Inevitably in such a comprehensive volume each section is concise, but that doesn’t mean there aren’t things to learn – for example Les Leston’s real name (Alfred Fingleston, since you ask), or just how both Farina and Trintignant managed to finish both second and third in the 1955 Argentine GP.

While you wouldn’t read this end to end, it will be useful in different ways: you can follow one marque’s story year to year, or one driver’s career, or home in on a single race to see what went on.

This is a remarkably comprehensive reference, seething with facts and rich with perfectly chosen photos – witness the photographers practically leaning over Villoresi’s Ferrari as he chatters over the Monza cobbles. Down with tele-photo lenses.

Formula 1 Car by Car 1950-59
Peter Higham
EVRO, £50
ISBN: 978-1-910505-44-1



Meister Bräuser – Harry Heuer’s championship racing team

“I can do that!”, said a young brewery executive in 1958 watching his first car race. And he could; Harry Heuer jumped into sports car racing with a Briggs Cunningham view that surely the US could build a rival to those damn Brits.

When Lance Reventlow went into F1, Heuer persuaded his brewery it needed a racing team, bought the two Scarab sports-racers and established one of the earliest professional operations.
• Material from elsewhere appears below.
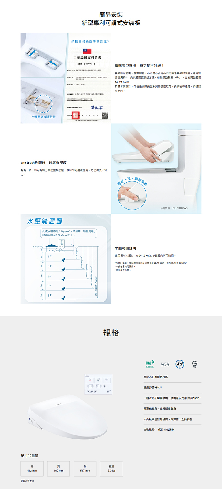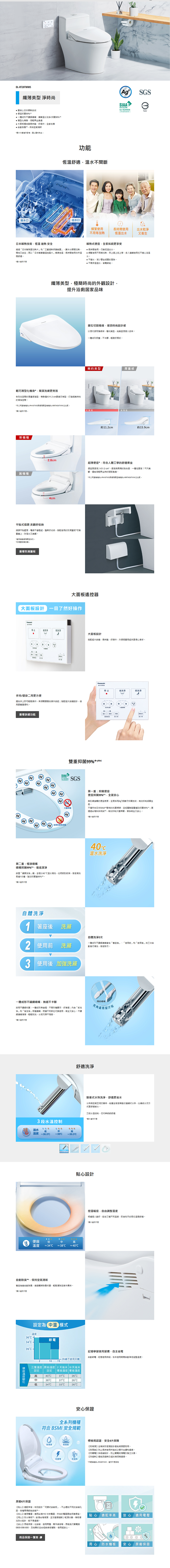 ● 一體成形不鏽鋼噴嘴、噴嘴溫水洗淨 抑菌99%*⁴

This covers the short but winning career of a colourful outfit in its matching uniforms and liveried big-rig truck. “The idea was the cars would roll out shiny and polished and everyone else would start thinking about third place!” said Heuer.

With some great stories, including Heuer offering a drive to Reventlow, who in a sour mood deliberately blew the V8, it’s a great trip to an optimistic era. GC
Tom Schultz, Dalton Watson, £69, ISBN 979-1-85443-304-6

Imagine – automobile concept art form the 1930s to the 1980s

If you like car design, and concept car design in particular, this is a feast. Based on one enthusiast’s own collection, it compiles artworks of mostly extreme styling produced by young designers in the heady days of American optimism, when getting a fresh model out every year drove the industry. The resulting need for a river of visual ideas sired several design schools and produced some of the greats of the business – Syd Mead, Wayne Cherry, Pete Brock – but while some of the 87 artists in this mainly visual book are unknown, most of them get a concise biography. Those 1950s fighter jet fins and rocket exhausts leap from the pages, morphing into ’60s curves and ’70s angularity, showing the influences that are gradually toned down into production cars.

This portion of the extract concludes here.